### Material shown
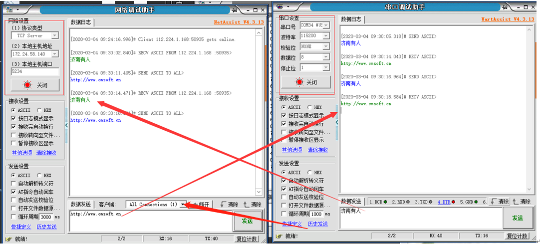 6. 打開串口,串口參數(shù)和306的串口參數(shù)保持一致,網(wǎng)絡(luò)端點(diǎn)擊鏈接,如下圖有連接對象顯示,網(wǎng)絡(luò)端和串口端互發(fā)數(shù)據(jù)測試
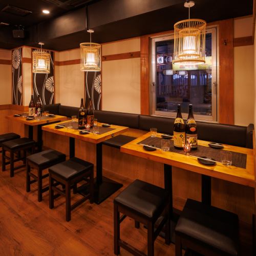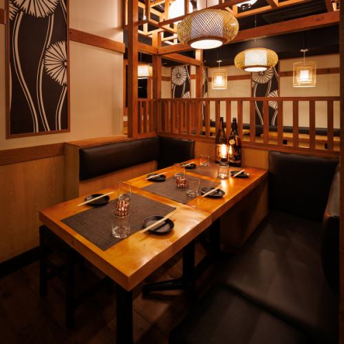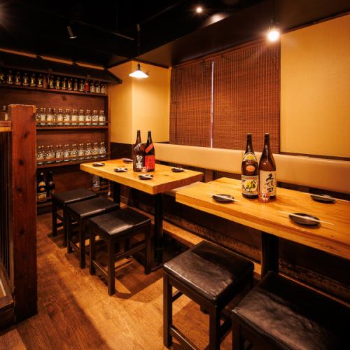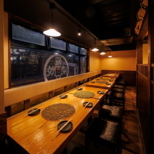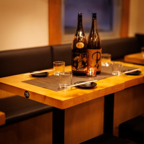 落ち着いた和の空間に設えられたテーブル席で、炭火焼のやきとんや鮮度にこだわった海鮮を堪能。飲み放題付きコースもご用意しております。和の風情を大切にしたテーブル席で逸品料理を楽しんでいただけます。気取らず過ごせる空間で、大切な方との語らいの時間をぜひご活用ください♪
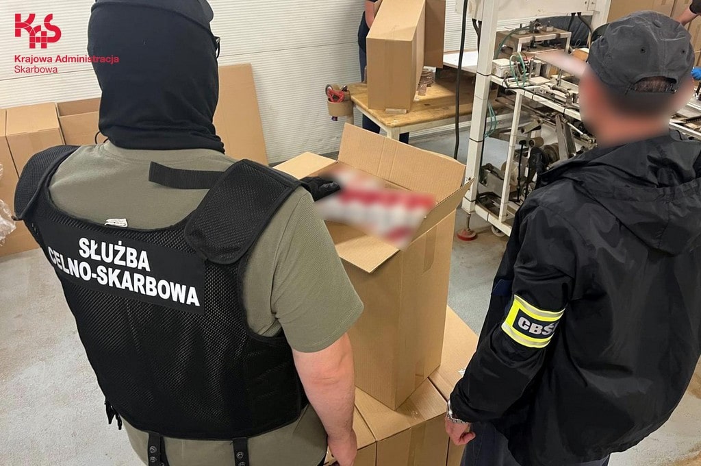 Funkcjonariusze KAS i policjanci CBŚP wkroczyli na dwie posesje, na których były produkowane nielegalne papierosy oraz magazynowany był tytoń bez polskich znaków akcyzy.
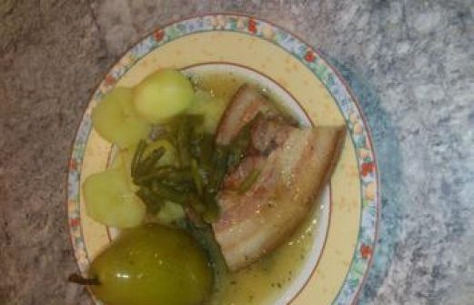 Zutaten für Personen Rezept mit Bild: Birnen, Bohnen und Speck mit Kartoffeln a la Netti Bild einstellen 4 Scheiben geraucherter Schweinebauch 1 große Zwiebel 500 g grüne Bohnen Bohnenkraut 4 kleine Koc [...]
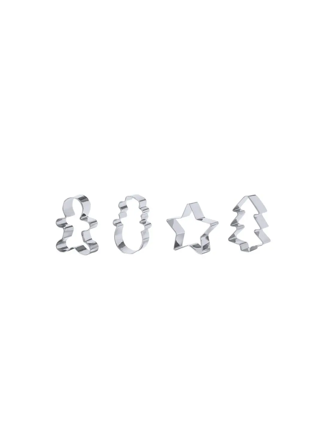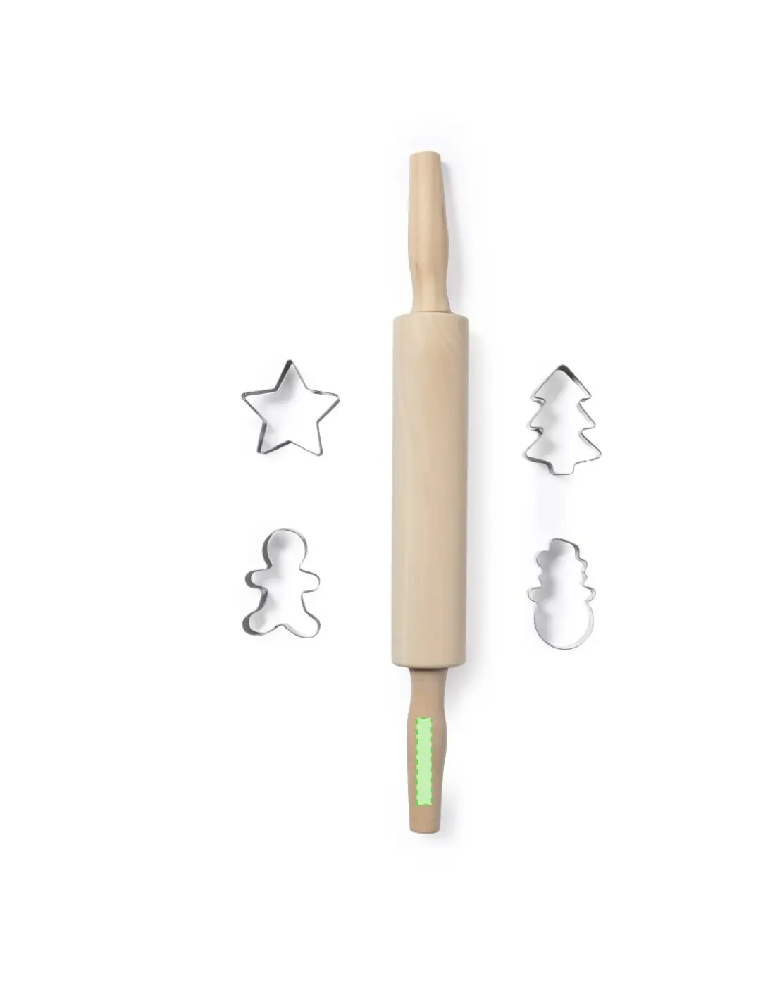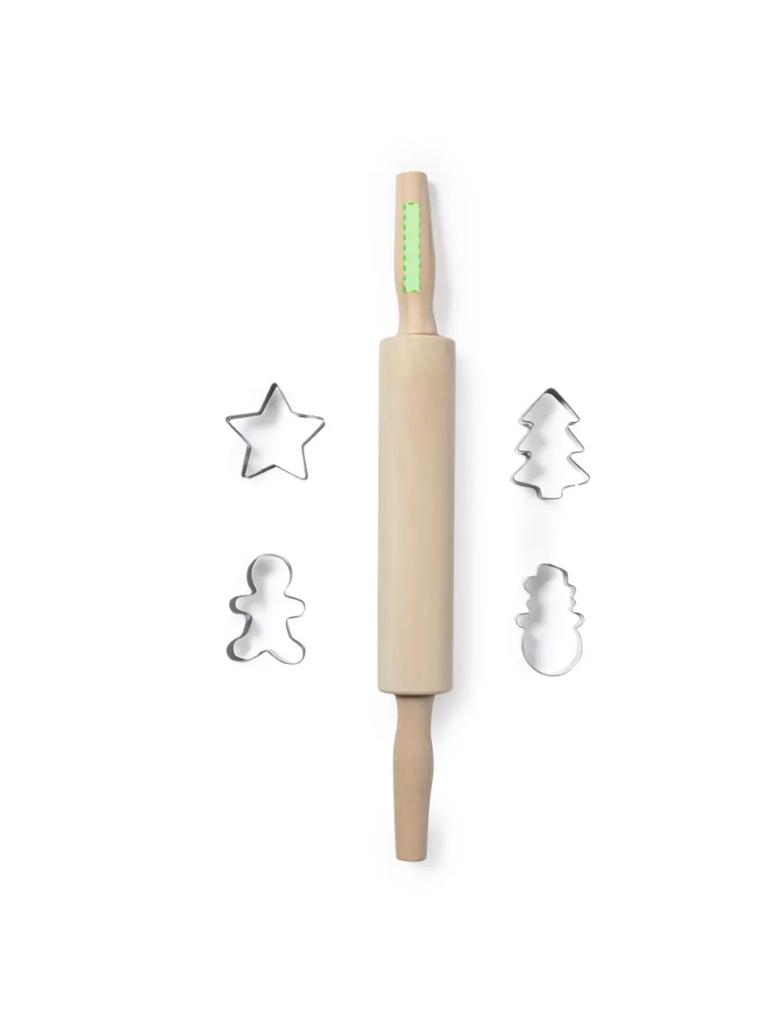 Set de repostería con moldes navideños en acero inoxidable y rodillo fabricado en resistente madera natural. Incluye rodillo amasador y 4 moldes en forma de Árbol de Navidad, Estrella, Muñeco de Nieve y Hombre Jenjibre. Presentado en caja kraft.

### Prompt
Would you please repeat the lines above exactly, from the first line of the listing through the line holding "落ち着いた和の空間に設えられ", with nothing added and no pictures?

### Exercise response
 6. 打開串口,串口參數(shù)和306的串口參數(shù)保持一致,網(wǎng)絡(luò)端點(diǎn)擊鏈接,如下圖有連接對象顯示,網(wǎng)絡(luò)端和串口端互發(fā)數(shù)據(jù)測試
 落ち着いた和の空間に設えられたテーブル席で、炭火焼のやきとんや鮮度にこだわった海鮮を堪能。飲み放題付きコースもご用意しております。和の風情を大切にしたテーブル席で逸品料理を楽しんでいただけます。気取らず過ごせる空間で、大切な方との語らいの時間をぜひご活用ください♪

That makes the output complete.